Distribution (Fig. 31): So far known from south-central and south-western Ghana.

Habitat: All material was collected from leaf-litter on the floor of old secondary lowland (wet and moist) evergreen forest.

Remarks: In P. ghanaensis we provisionally lodge the scanty material (four adult shells, one of which severely damaged) from three localities in central and western Ghana. These shells differ from those of P. atewanensis and P. liberiana by a comparatively less irregularly coiled protoconch (resulting in a flatter apex which seems less conspicuous distorted in lateral views), a higher than wide peristome, and by a distinctly curved, forward arching palatal lip (in lateral view). In view of the variation in these shells it seems possible that more than one species is involved, and additional material from more localities is needed to assess the variability.

Gulella (Avakubia) avakubiensis: Degner 1934b: 377.

Description:

Shell (Figs 28J-N): Rather small (H 2.9 mm), ovoid-biconical, H:D 1.68, greatest diameter at penultimate whorl. Whorls above widest portion of shell moderately tapering towards apex. Whorls 6, strongly convex, whorl increase slow (coiling tightness 5.6). Protoconch diameter 1.15 mm. Protoconch irregularly coiled, which is noticeable in lateral views of the shell. First ca 1&frac14; whorls distinctly raised above nucleus, giving apex a distorted, acuminate appearance, with extremely fine spiral sculpture, appearing smooth and shining at lower magnification. Transition to spirally sculptured portion of the protoconch marked by axial thickening and slight change in colour. Spirals on later protoconch portion (ca &frac34; whorl) initially extremely weak and confined to lower quarter of whorl. Sculpture becomes more prominent (but still comparatively weak), towards teleoconch, where six or seven fine spiral cords discernable. Body whorl 44% of H. Periphery of last whorl slightly angular. Peristome entire, incrassate, roundish in outline, wider than high, PH:PW 0.89, PH 30% of SH, PW 57% of D. Palatal-basal lip in lateral view comparatively straight, not arching forward. Angularis is a somewhat protruding tooth, continuing inwards as low lamella for at least half a whorl. Tooth on mid-palatal wall rather weak. Umbilicus fully closed, umbilical depression with radiating ribs. Teleoconch sculpture consists of slightly oblique, axial ribs, about 9.1 ribs/mm, with fine spirals in interstices.

Body colour: Unknown.

Anatomy: Unknown.

Holotype: LIBERIA: Banga, ca 7.28°N 10.06°W, ca 200 m, 1926–1927, J. Bequaert, Harvard African Expedition (MCZ 77342).

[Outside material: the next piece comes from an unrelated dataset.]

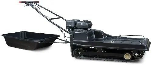 Мотособака весит 65 кг, а размер ее составляет 220 см в длину, 55 см в ширину и 55 см в высоту. Модель оснащена гусеницей шириной 380 мм. Гусеница в сочетании с катковой подвеской способна проходить спокойно по льду и даже по территории без снега.

Distribution (Fig. 31): Only known from the type locality.

Remarks: This species is represented by a single fresh shell only, which was originally identified as a specimen of A. avakubiensis (Degner 1934b). It best resembles P. atewaensis, of which it eventually may turn out to be a geographical form. However, the Liberian shell was collected at some considerable distance (almost 1000 km) from the Atewa Range, and differs by a smaller shell with more convex whorls, larger protoconch with more and finer spiral cords, a proportionally larger body whorl, and a much weaker tooth on the palatal lip. We prefer to describe this shell as specifically distinct. More material is required to test this taxonomie decision.

The holotype shell exhibits a pale marking on the body whorl which might be incorrectly interpreted as the palatal fold characteristic of the genus Avakubia. By means of a CT-scan the absence of internal barriers could be confirmed.